“We’re to dine at eight! Everybody is dressing; come on, Dorothy!” cried Cecile. “Mr. Clavarack vowed he’d perish if I kept him waiting—”
“You should see the escort!” said Ruyven to me. “Dragoons, cousin, in leather helmets and jack-boots, and all wearing new sabres taken from the Hessian cavalry. They’re in the quarters with Tim Murphy, of Morgan’s, and, Lord! how thirsty they appear to be!”
“There’s the handsomest man I ever saw,” murmured Cecile to Dorothy, “Captain O’Neil, of the New York line. He’s dying to see you; he said so to Mr. Clavarack, and I heard him.”
Dorothy looked up with heightened color.
“Will you walk the minuet with me, Dorothy?” I whispered.
She looked down, faintly smiling:
“Perhaps,” she said.
“That is no answer,” I retorted, surprised and hurt.
“I know it,” she said, demurely.
“Then answer me, Dorothy!”
She looked at me so gravely that I could not be certain whether it was pretence or earnest.
“I am hostess,” she said; “I belong to my guests. If my duties prevent my walking the minuet with you, I shall find a suitable partner for you, cousin.”
“And no doubt for yourself,” I retorted, irritated to rudeness.
Surprise and disdain were in her eyes. Her raised brows and cool smile boded me no good.
“I thought I was free to choose,” she said, serenely.
“You are, and so am I,” I said. “Will you have me for the minuet?”
We paused in the hallway, facing each other.
She gave me a dangerous glance, biting her lip in silence.
And, the devil possessing me, I said, “For the last time, will you take me?”
“No!” she said, under her breath. “You have your answer now.”
“I have my answer,” I repeated, setting my teeth.
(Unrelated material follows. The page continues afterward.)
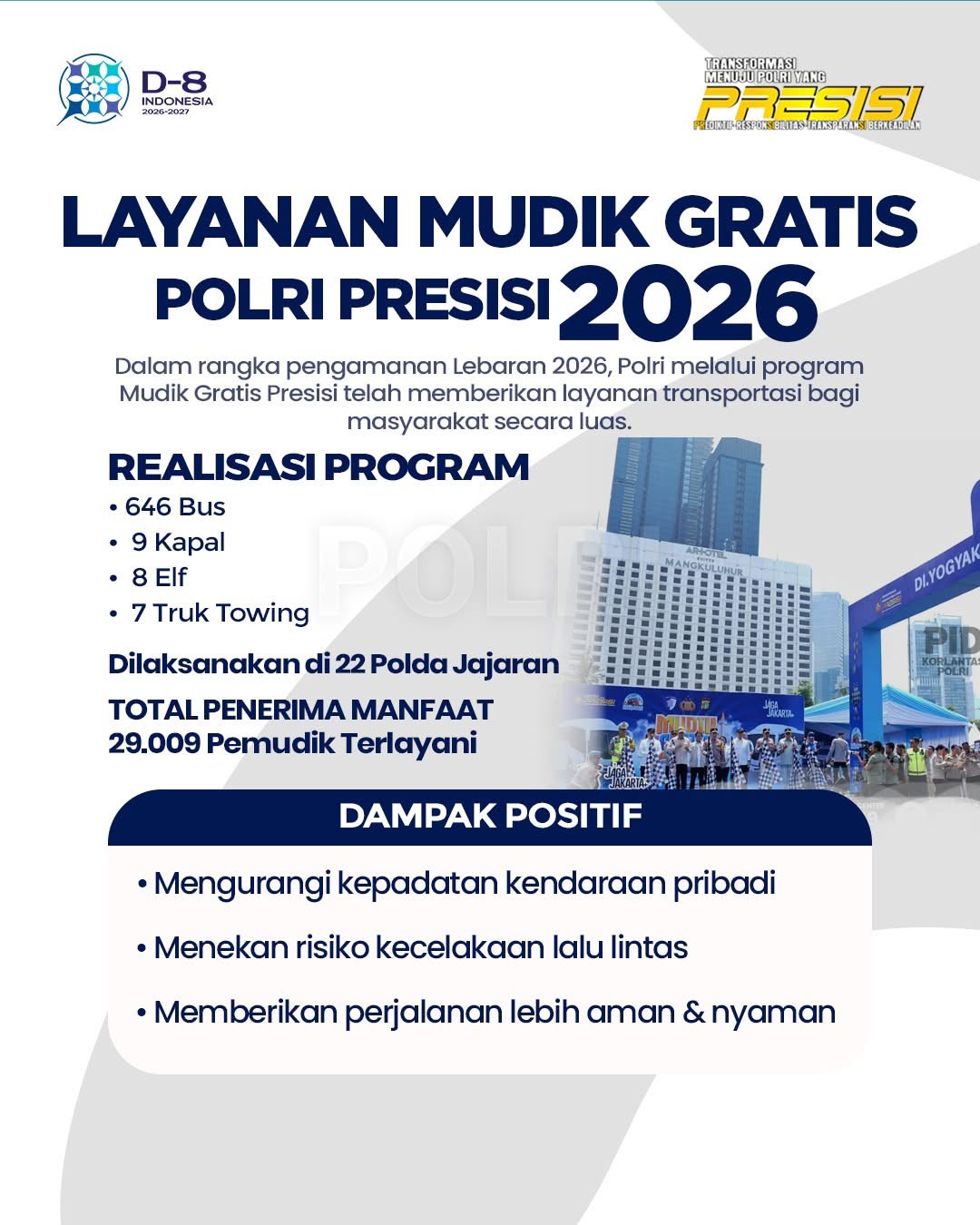 Program Mudik Gratis Polri Presisi 2026 menjadi bentuk nyata pelayanan Polri dalam mendukung perjalanan masyarakat saat Lebaran. Berdasarkan hasil anev, sebanyak 29.009 pemudik telah terlayani melalui penyediaan ratusan moda transportasi di 22 Polda jajaran. Upaya ini diharapkan mampu menciptakan perjalanan yang lebih aman, nyaman, dan lancar. Mudik Aman, Keluarga Bahagia.

I had bathed and dressed me in my best suit of pale-lilac silk, with flapped waistcoat of primrose stiff with gold, and Cato was powdering my hair; when Sir Lupus waddled in, magnificent in scarlet and white, and smelling to heaven of French perfume and pomatum.
“George!” he cried, in his brusque, explosive fashion, “I like Schuyler, and I care not who knows it! Dammy! I was cool enough with him and his lady when they arrived, but he played Valentine to my Orson till I gave up; yes, I did, George, I capitulated. Says he, ’Sir Lupus, if a painful misunderstanding has kept us old neighbors from an exchange of civilities, I trust differences may be forgotten in this graver crisis. In our social stratum there is but one great line of cleavage now, opened by the convulsions of war, sir.”
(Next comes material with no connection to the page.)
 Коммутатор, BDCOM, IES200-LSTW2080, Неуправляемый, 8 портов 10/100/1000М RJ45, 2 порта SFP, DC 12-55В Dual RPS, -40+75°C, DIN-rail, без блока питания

“‘Damn the convulsions of war, sir!’ says I.
“‘Quite right,’ says he, mildly; ‘war is always damnable, Sir Lupus.’
“‘General Schuyler,’ says I, ’there is no nonsense about me. You and Lady Schuyler are under my roof, and you are welcome, whatever opinion you entertain of me and my fashion of living. I understand perfectly that this visit is not a visit of ceremony from a neighbor, but a military necessity.’